═══ Exercise materials ═══
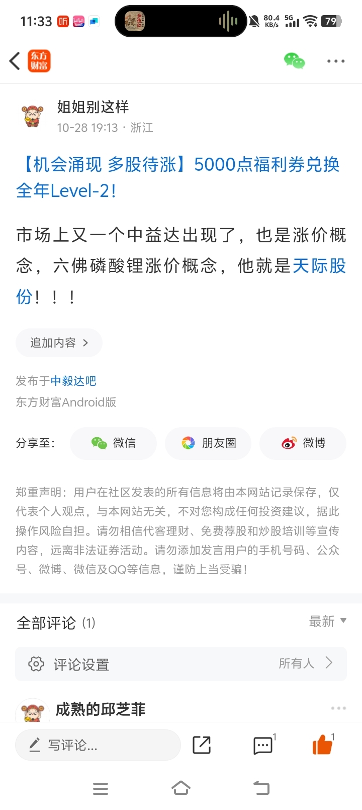 温馨提示: 1.根据《证券法》规定,禁止编造、传播虚假信息或者误导性信息,扰乱证券市场;2.用户在本社区发表的所有资料、言论等仅代表个人观点,与本网站立场无关,不对您构成任何投资建议。用户应基于自己的独立判断,自行决定证券投资并承担相应风险。《东方财富社区管理规定》
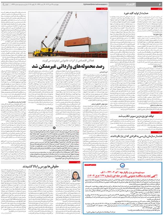 روزنامه در یک نگاه دریافت همه صفحات
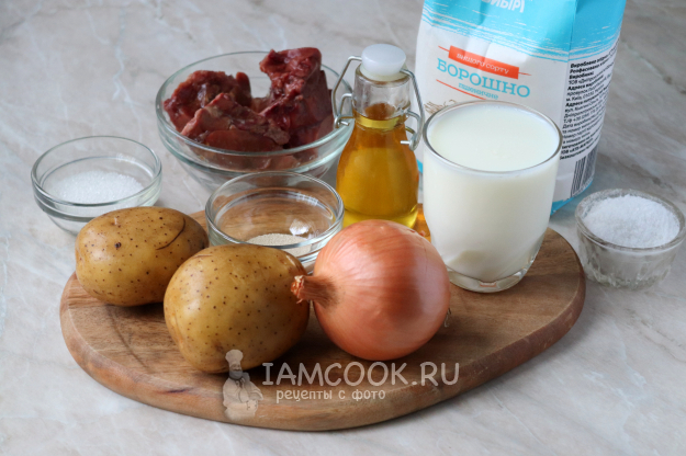 Для приготовления пирожков с печенью и картошкой в духовке необходимы следующие ингредиенты. Молоко должно быть тёплым, но не выше 40 градусов, иначе дрожжи погибнут. Пшеничную муку просейте дважды через мелкое сито, чтобы насытить её кислородом и избавиться от всевозможного мусора.
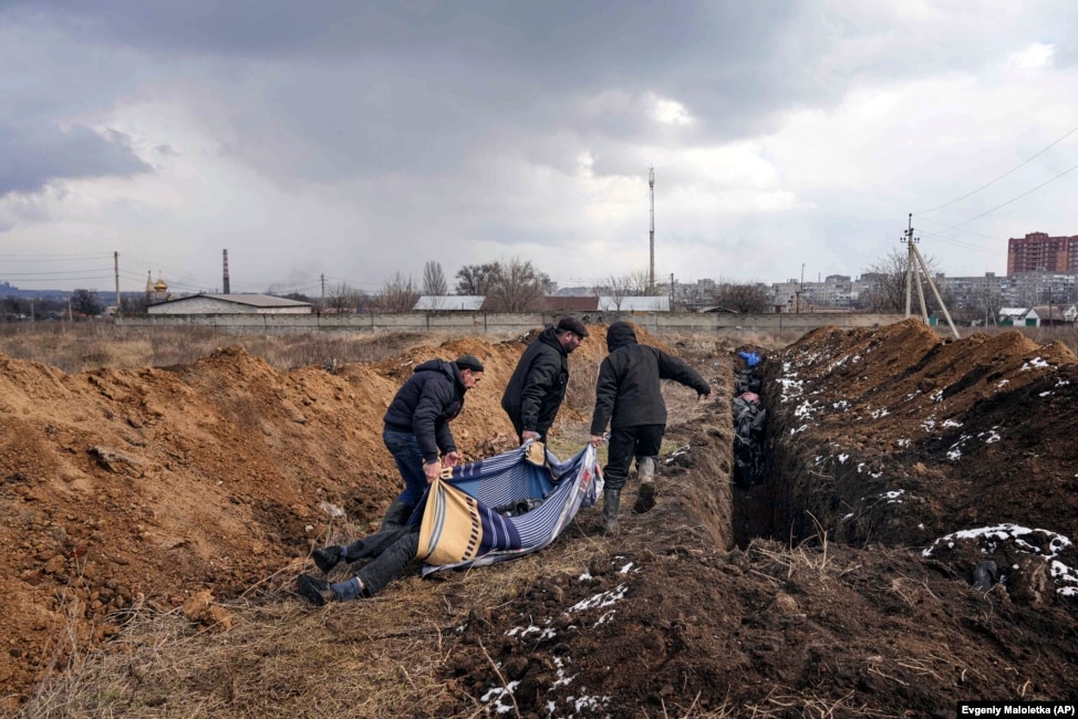 Tres individuos arrastran cadáveres a ser depositados en una larga fosa común en las afueras de Mariúpol, el 9 de marzo.
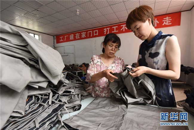 7月9日,河北臨城縣西鴨鴿營村村民在當(dāng)?shù)匾?ldquo;扶貧車間”檢查服裝成品質(zhì)量。新華社記者 朱旭東 攝
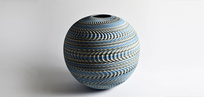 El ceramista japonés Ogata Kamio utiliza la técnica del neriage, que realza además tallando la superficie de la pieza hasta crear efectos ópticos
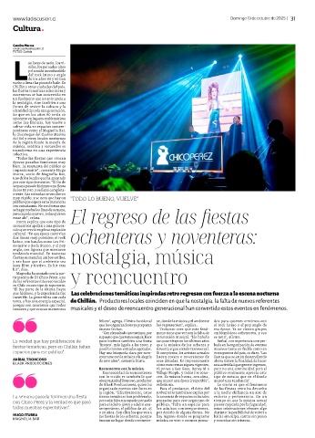 tema, y hay una energía especial, de Chillán. Productores locales coinciden en que la nostalgia, la falta de nuevos referentes
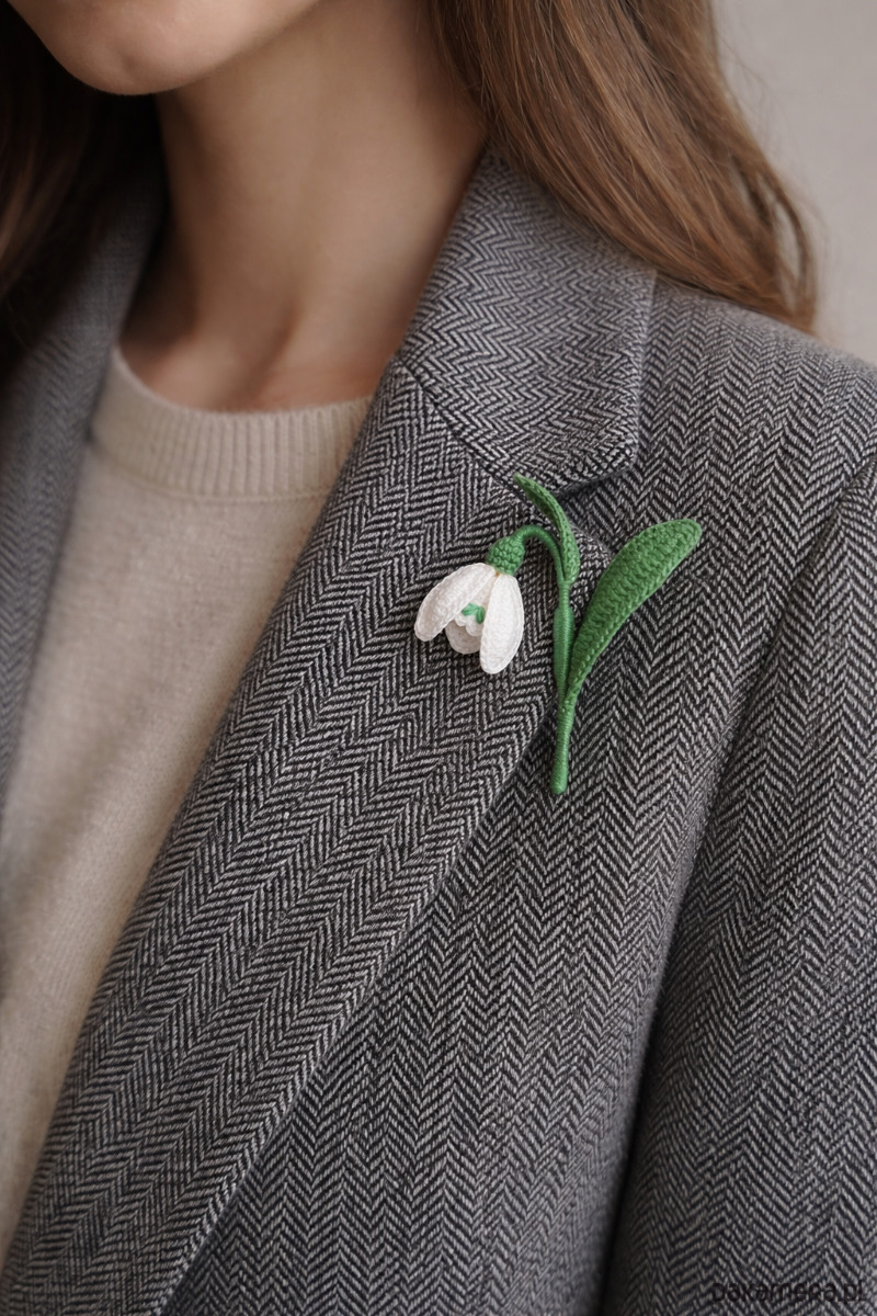 Mały znak wiosny, który można przypiąć do płaszcza, swetra, torby lub plecaka.
═══
Images are to be left out when the records above are written out again exactly.

 温馨提示: 1.根据《证券法》规定,禁止编造、传播虚假信息或者误导性信息,扰乱证券市场;2.用户在本社区发表的所有资料、言论等仅代表个人观点,与本网站立场无关,不对您构成任何投资建议。用户应基于自己的独立判断,自行决定证券投资并承担相应风险。《东方财富社区管理规定》
 روزنامه در یک نگاه دریافت همه صفحات
 Для приготовления пирожков с печенью и картошкой в духовке необходимы следующие ингредиенты. Молоко должно быть тёплым, но не выше 40 градусов, иначе дрожжи погибнут. Пшеничную муку просейте дважды через мелкое сито, чтобы насытить её кислородом и избавиться от всевозможного мусора.
 Tres individuos arrastran cadáveres a ser depositados en una larga fosa común en las afueras de Mariúpol, el 9 de marzo.
 7月9日,河北臨城縣西鴨鴿營村村民在當(dāng)?shù)匾?ldquo;扶貧車間”檢查服裝成品質(zhì)量。新華社記者 朱旭東 攝
 El ceramista japonés Ogata Kamio utiliza la técnica del neriage, que realza además tallando la superficie de la pieza hasta crear efectos ópticos
 tema, y hay una energía especial, de Chillán. Productores locales coinciden en que la nostalgia, la falta de nuevos referentes
 Mały znak wiosny, który można przypiąć do płaszcza, swetra, torby lub plecaka.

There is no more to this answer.